Pakistani finance officials were in Washington last weekend ironing out problems before the IMF board meeting, which has been postponed several times partly due to delays by Pakistan over imposing a value added tax and raising power tariffs.
“We reached understandings on things enough for us to be able to go to the board in mid-May,” said Adnan Mazarei, the Washington-based IMF mission chief for Pakistan.
“We recommend to move forward,” he said, referring to the fifth payment of the loan, which amounts to about $1.15 billion.
Pakistan turned to the IMF for an emergency package of $7.6 billion in November 2008 to avert a balance of payments crisis and shore up reserves. The loan was increased to $11.3 billion in July last year. Pakistan’s budget has also been strained by the cost of battling Taliban insurgents.
Mazarei said Pakistan remained “vulnerable” and he was concerned over the electricity crisis as well as a recent increase in inflation from about 9 percent at the end of last year to 12.9 percent at the end of last month.
“What is keeping me up is the electricity sector problems, the pick-up in inflation and its impact on the poor and the daily difficulties in budget management,” he said.
“There are calls every day on new spending from the budget, the revenue performance is not very good and the Pakistani authorities need to make better efforts to make sure budget execution is smooth and that the budget financing is in place,” he added.
Confident on vat
Mazarei said the government had made promises on the VAT issue, indicating it would take steps to iron out differences between the provinces and to ensure the new tax would be rolled out on July 1, a deadline analysts are skeptical about. The VAT rates have not yet been set.

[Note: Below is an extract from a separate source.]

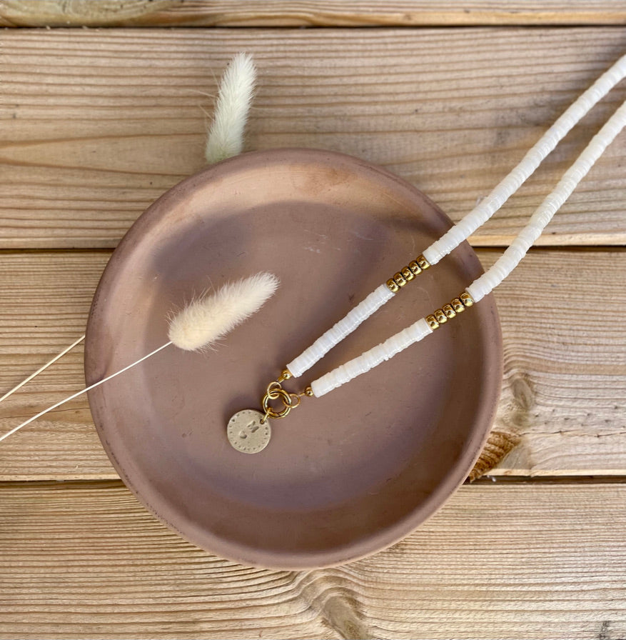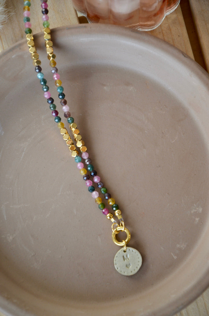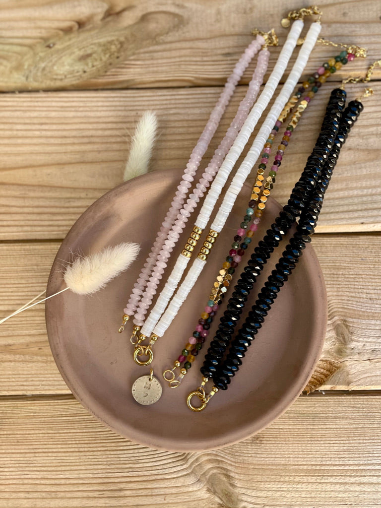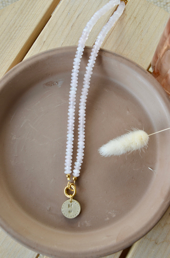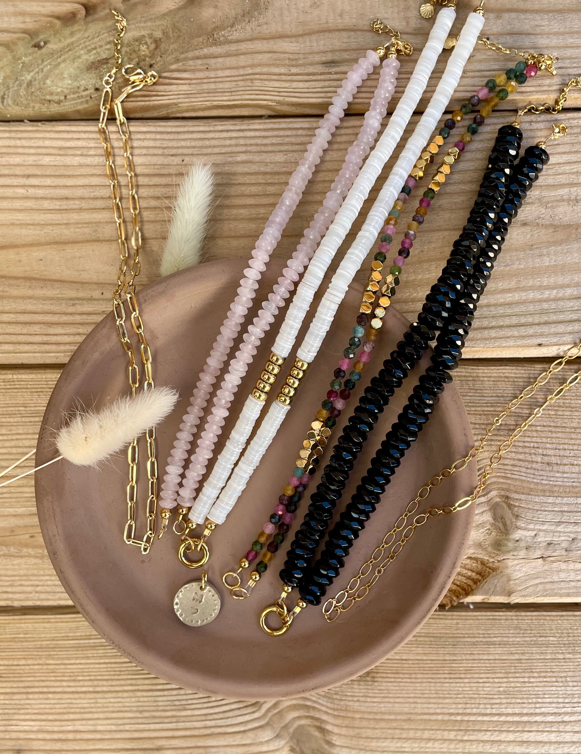 Assemblez votre pendentif en combinant un médaillon céramique avec la chaîne ou le brin de pierres naturelles de votre choix.

“They (Pakistan’s government) realize the historical opportunities and that the revenues are much needed. They also realize that this step is required for continued donor support,” Mazarei said.
“Donors are very supportive to provide Pakistan with assistance for a period of time until Pakistan’s public finances are put on a sustainable footing,” he said, adding that there were no plans to augment the loan.

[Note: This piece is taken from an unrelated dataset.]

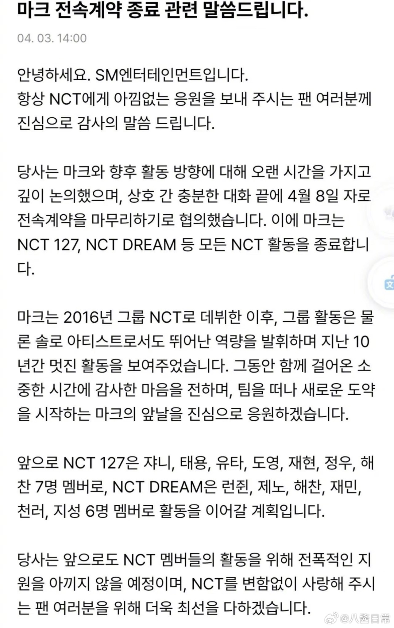 李马克合约到期退出NCT李马克解约退团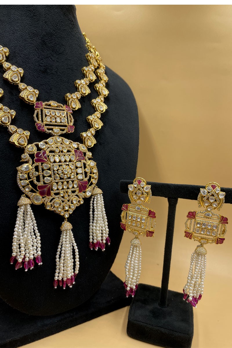 Silver Moissanite Polki Birds Dangle Earring & Necklace Set, Moissanite Polki Bridal Necklace, Indian Traditional Jewelry, Wedding Bridal Necklace And Earrings Set, Natural Pink Beads And Peals Necklace Set

He also praised Pakistan’s recent efforts to improve tax collection, with revenues collected by the Federal Board of Revenues increasing by 14 percent over the past nine months.

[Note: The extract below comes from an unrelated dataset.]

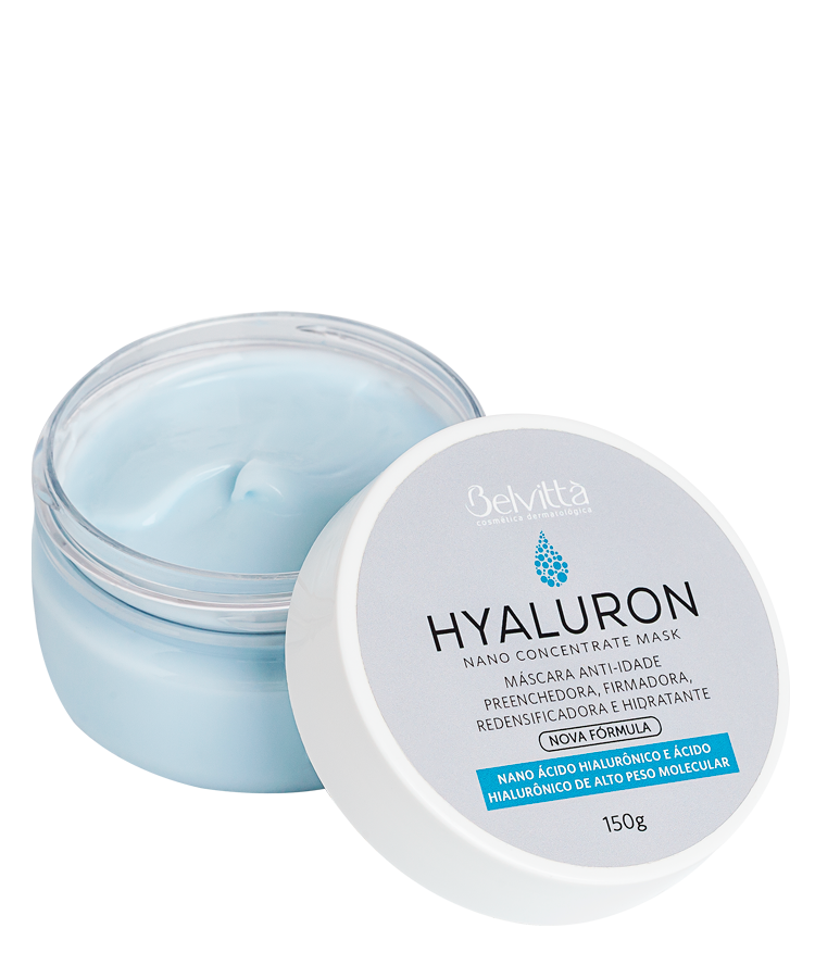 Máscara essencial para procedimentos profissionais de rejuvenescimento facial que combina ácido hialurônico de alto peso molecular e ácido hialurônico nanoencapsulado, promovendo efeito rejuvenescedor em múltiplas camadas da pele. Enquanto o ácido hialurônico com maior tamanho de moléculas retém a água na superfície, promovendo maciez, a forma nanoencapsula penetra nas camadas mais profundas, promovendo o preenchimento de rugas e linhas de expressão, melhorando a firmeza e recuperando densidade e volume da pele.

“Monetary policy on the part of the central bank has been generally appropriate. What is needed is a more appropriate fiscal policy which would then draw less on credit and also less crowding out of the private sector,” he added.
Interest rates had been high in part because of the government’s large borrowing needs and as a result banks were more willing to lend to the government at high rates rather than to the private sector.
The octopus effect
Pakistan is battling a chronic power shortage, with rolling blackouts countrywide, and is also struggling to keep its budget deficit at the levels required under IMF reforms. Under the IMF program, the deadline for another rise in electricity tariffs was April 1, but Pakistan failed to meet that.
Mazarei said Pakistan had agreed to measures to increase its electricity supply, which would eventually lead to an end in subsidies. He said Islamabad also promised steps to eliminate so-called circular debt.
This debt creates a chain reaction. Distributors cannot pay power producers, who in turn cannot pay fuel suppliers, resulting in even greater electricity cuts and putting more strain on the economy and industry.
“The problems in the electricity sector are like an octopus, with each of the legs stifling one aspect of the Pakistani economy. One leg stifles growth and one leg affects government finances and one is affecting the banking sector.”
Seeking to ease IMF concerns, Prime Minister Yusuf Raza Gilani announced last week the government would pay off 116 billion rupees ($1.38 billion) of the circular debt.